--- Problem statement ---
What is needed is the exact text of each line in the listing below from the one with "Circular dual purpose" up to and including the one with "Багатофункціональний прес-гриль Zepline", and no pictures.

───── Task input

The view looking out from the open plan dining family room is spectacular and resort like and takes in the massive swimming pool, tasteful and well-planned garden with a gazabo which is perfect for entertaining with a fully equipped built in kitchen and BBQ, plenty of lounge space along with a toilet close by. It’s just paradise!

──────────
───── Task input

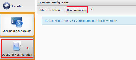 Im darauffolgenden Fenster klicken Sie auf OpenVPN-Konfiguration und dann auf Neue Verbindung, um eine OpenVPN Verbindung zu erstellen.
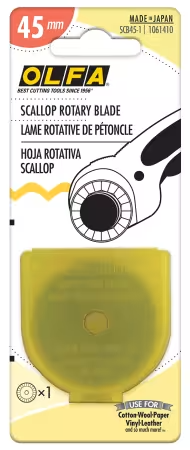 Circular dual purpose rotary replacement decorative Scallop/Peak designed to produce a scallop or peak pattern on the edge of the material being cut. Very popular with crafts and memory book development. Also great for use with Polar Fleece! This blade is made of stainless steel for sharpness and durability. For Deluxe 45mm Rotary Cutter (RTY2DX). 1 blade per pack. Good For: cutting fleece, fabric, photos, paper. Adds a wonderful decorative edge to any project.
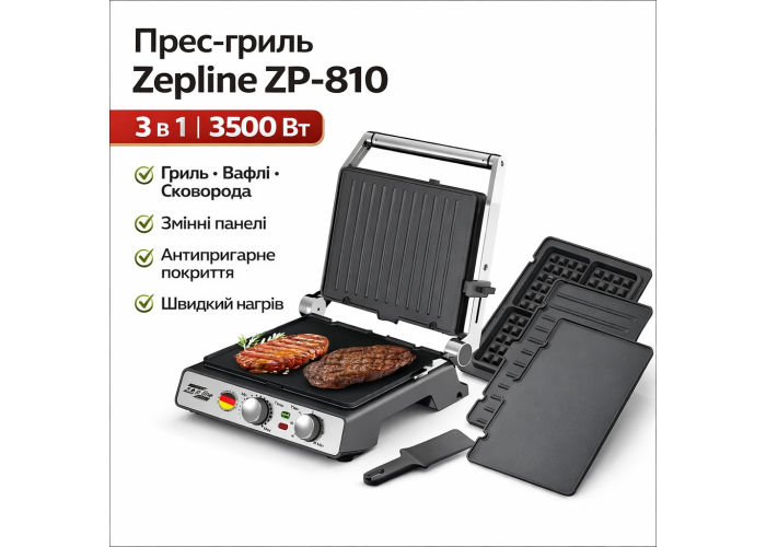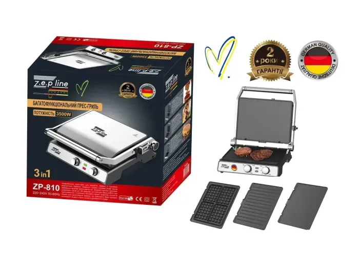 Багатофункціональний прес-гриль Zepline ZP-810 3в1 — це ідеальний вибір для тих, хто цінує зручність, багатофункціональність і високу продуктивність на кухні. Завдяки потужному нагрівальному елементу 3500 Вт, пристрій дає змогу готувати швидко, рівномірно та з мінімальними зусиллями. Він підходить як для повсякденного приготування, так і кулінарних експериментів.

──────────
───── Task input

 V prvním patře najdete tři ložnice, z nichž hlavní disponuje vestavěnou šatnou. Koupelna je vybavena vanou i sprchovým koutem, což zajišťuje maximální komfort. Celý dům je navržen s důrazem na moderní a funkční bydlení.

──────────

--- Response to the task ---
 Circular dual purpose rotary replacement decorative Scallop/Peak designed to produce a scallop or peak pattern on the edge of the material being cut. Very popular with crafts and memory book development. Also great for use with Polar Fleece! This blade is made of stainless steel for sharpness and durability. For Deluxe 45mm Rotary Cutter (RTY2DX). 1 blade per pack. Good For: cutting fleece, fabric, photos, paper. Adds a wonderful decorative edge to any project.
 Багатофункціональний прес-гриль Zepline ZP-810 3в1 — це ідеальний вибір для тих, хто цінує зручність, багатофункціональність і високу продуктивність на кухні. Завдяки потужному нагрівальному елементу 3500 Вт, пристрій дає змогу готувати швидко, рівномірно та з мінімальними зусиллями. Він підходить як для повсякденного приготування, так і кулінарних експериментів.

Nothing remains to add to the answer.